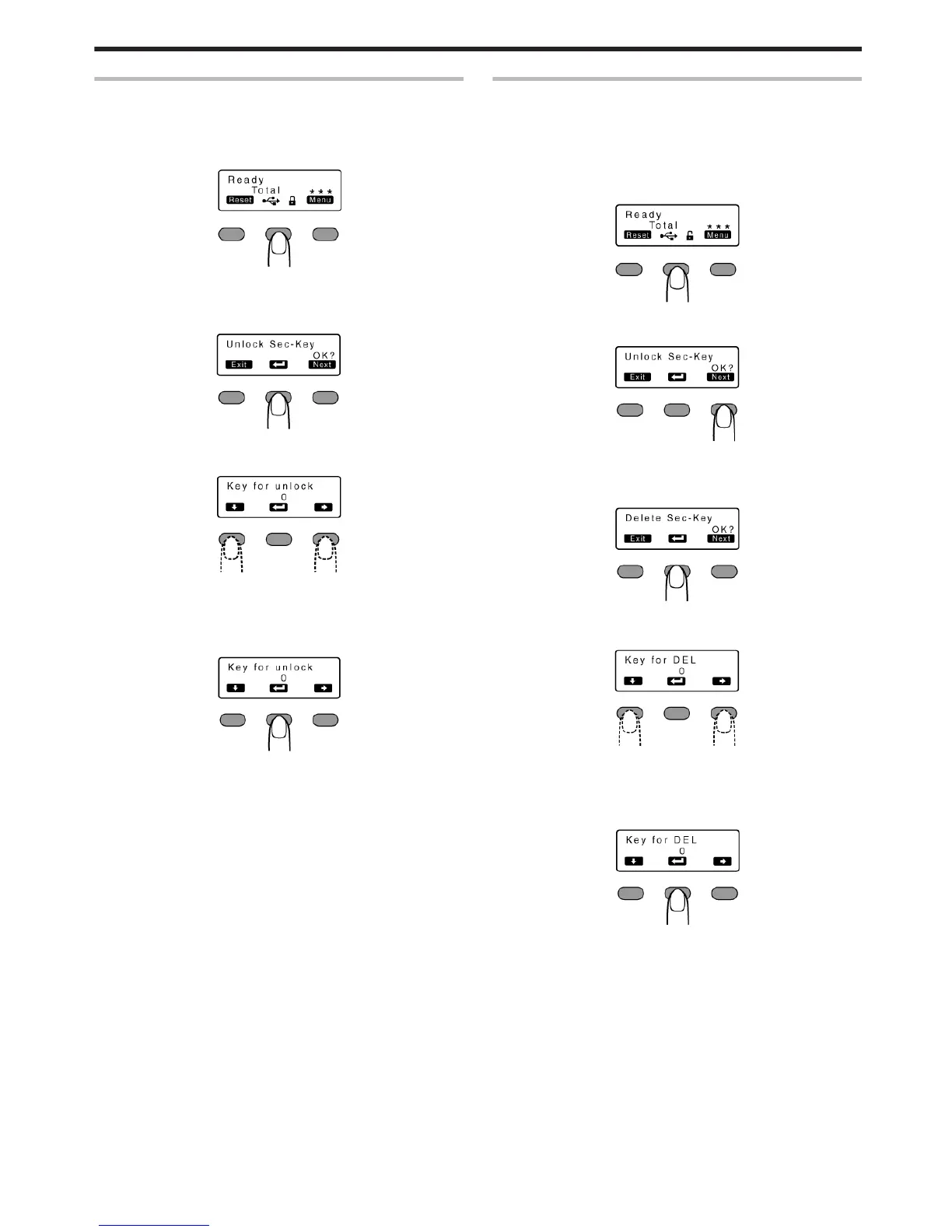 display returns to [Delete Sec-Key OK?]. Enter a number again.
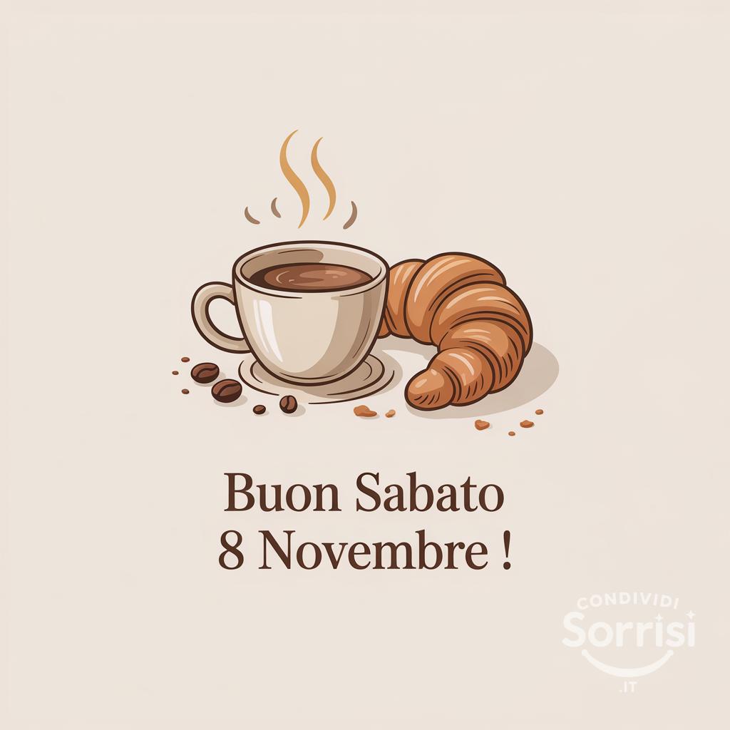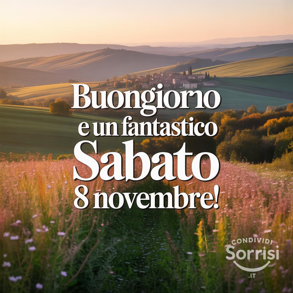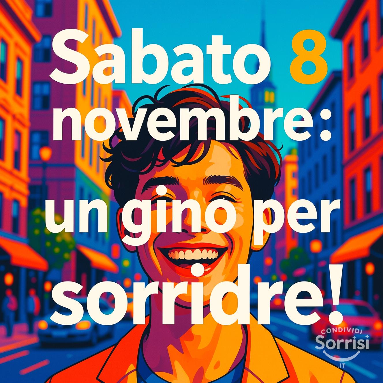 Sabato 8 novembre: un giorno per sorridere! Immagine con frase motivazionale su sfondo urbano. Stile moderno e colori vivaci. Ottimizzato per SEO: sorriso, felicità, novembre, giornata positiva.
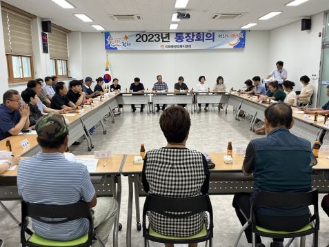 이날 통장 회의를 시작하기에 앞서 박대하 산업건설위원장과 김경희 복지환경국장의 주요 시정에 관한 설명에 이어, 하반기 정기인사로 전보된 직원 인사 시간을 가진 후, 시정 홍보 사항을 전달하고, 자체 회의 순으로 진행했다.
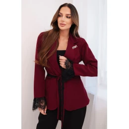Dámský sako s páskem a krajkovým model 21774839 rukávů bordová - K-Fashion
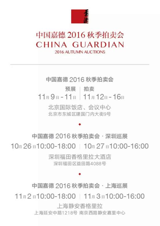 中国书画导航网消息(通讯员:陆地)中国嘉德2016秋拍全国巡展10月下旬正式启动,将陆续赴深圳、上海等地巡展。中国书画、中国二十世纪及当代艺术、陶瓷、工艺品、古籍善本、邮品钱币等门类的秋拍拍品联袂展出。 [深圳站] 深圳作为改革开放的前沿城市,因其毗邻港澳的地理优势,在2000年开始逐渐成为...[详细内容]
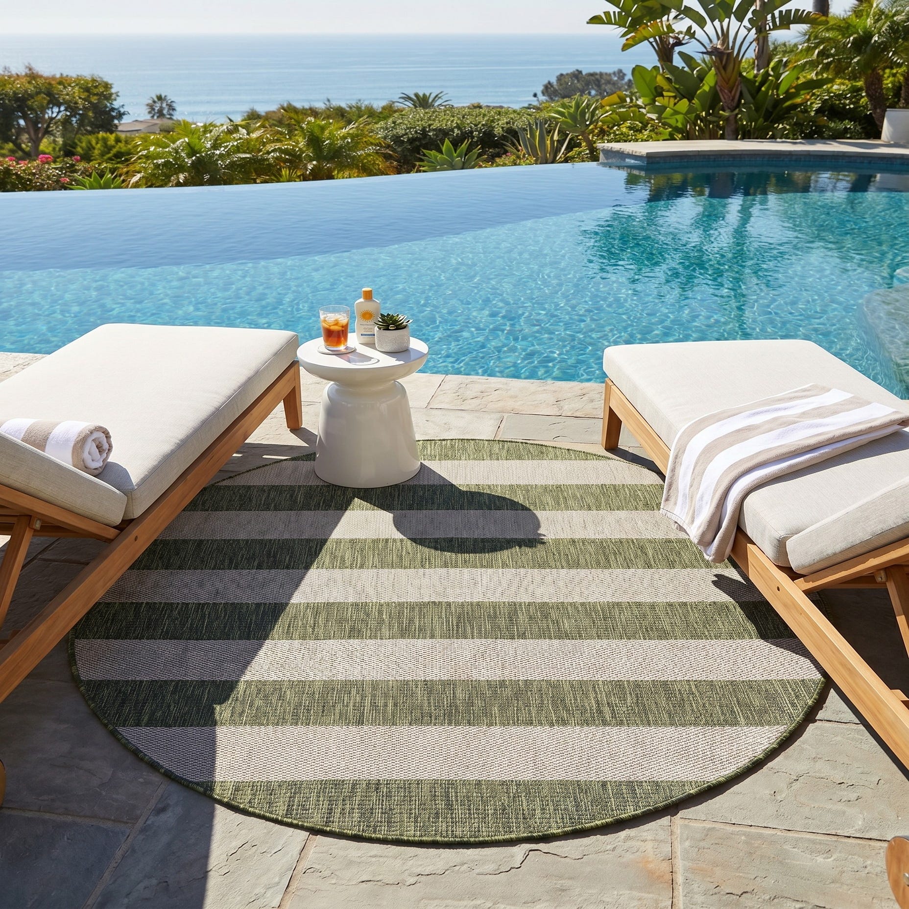 5' 3 x 5' 3 Easy-Clean Striped Indoor / Outdoor Round Rug
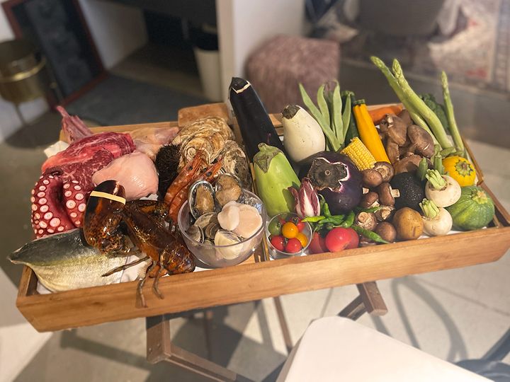 取材日(2025年7月)に用意されていたのは、兵庫県明石市のタコや国産養殖のオマールエビ、北海道産のホタテやカキ、千葉県九十九里浜のハマグリなどの魚介類をはじめ、山形県産の黒毛和牛、北海道産の鴨の胸肉、地鶏のモモ肉、骨つきのラム肉など、全国各地で取れた豪華な食材たち。

Task to carry out: Only the lines from the line with "5' 3 x 5' 3" to the bottom of the material above should be reproduced, exactly and without pictures.

Task result:
 5' 3 x 5' 3 Easy-Clean Striped Indoor / Outdoor Round Rug
 取材日(2025年7月)に用意されていたのは、兵庫県明石市のタコや国産養殖のオマールエビ、北海道産のホタテやカキ、千葉県九十九里浜のハマグリなどの魚介類をはじめ、山形県産の黒毛和牛、北海道産の鴨の胸肉、地鶏のモモ肉、骨つきのラム肉など、全国各地で取れた豪華な食材たち。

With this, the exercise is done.